I admitted to Mosquitos and ticks as being intolerable to others. Especially ticks which are just dangerous. And the wife hates mosquitos and those annoying flying beetles which I refuse to crush.
But Muz mentioned ants. While I think ants are really neat and I try not to step on them or subject them to the old magnifying glass, boiling water or gasoline on the anthill.. I have to admit I damn near almost did when I discovered that hundreds of carpenter ants had moved in to the house we moved into, which is on the edge of a woodland. Specifically, they were up behind the frame to the garage door having a buffet.

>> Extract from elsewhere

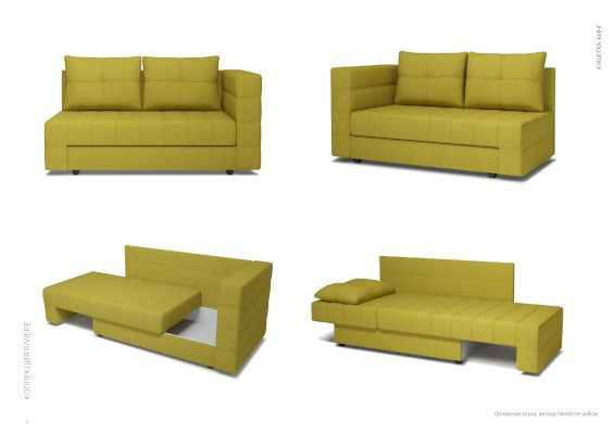 Наличие универсального направления трансформации механизма позволяет в любой момент изменить внешний вид кушетки.

But that's not all. Realizing we had a problem, my wife called Terminex, although she knows I abhor insecticides, herbicides, etc. I had to agree with her. We had to protect our investment. When the Terminex guy came out he pointed out to me that
my beloved 200 year old Shag Bark Hickory was infested with carpenter ants, and that probably was where they had come from. I was perturbed. So he sprayed a pheromone laced poison and said it might help but that someday the tree would probably come down. My Heart Tree. One of the living things that so attracted me to the property.
Then June 29th, 2012 came and with it a little weather phenomena called a Derecho. Certainly a weather event never heard of here in Ohio. I had picked up my 2 & half year old son from daycare and as we wound down the country roads the light took on an strange yellow quality, like tornado weather. Then the wind kicked up and branches started crashing onto the road, luckily the big ones were landing behind us.
Right as we pulled in front of the garage, I'll never forget looking over towards the woods and seeing 90-100mph+ winds literally corkscrewing the trees all around us. Three seconds later my beloved Shag Bark made a thumping, cracking sound, broke five feet up the trunk and came crashing down. It came to rest just one foot from the house, only damaging part of the second floor gutter. Most everything else, nothing irreplaceable, and amazingly no other trees, was obliterated.
The truck was five feet in diameter and the tree was estimated by the arborist to be hundred feet tall or more and well over 200 years old, making it one of the oldest trees in the region by a longshot.
In short, when I see one of those carpenter ants trucking across the carpet, I'm not so naive now. I know what he's up to and he gets the 'boot', if you know what I mean. I feel like a hypocrite but damn, I learned my lesson. I do my best. And I found that the ants are building another hill... but I also found that Mama Shag Bark has children all around.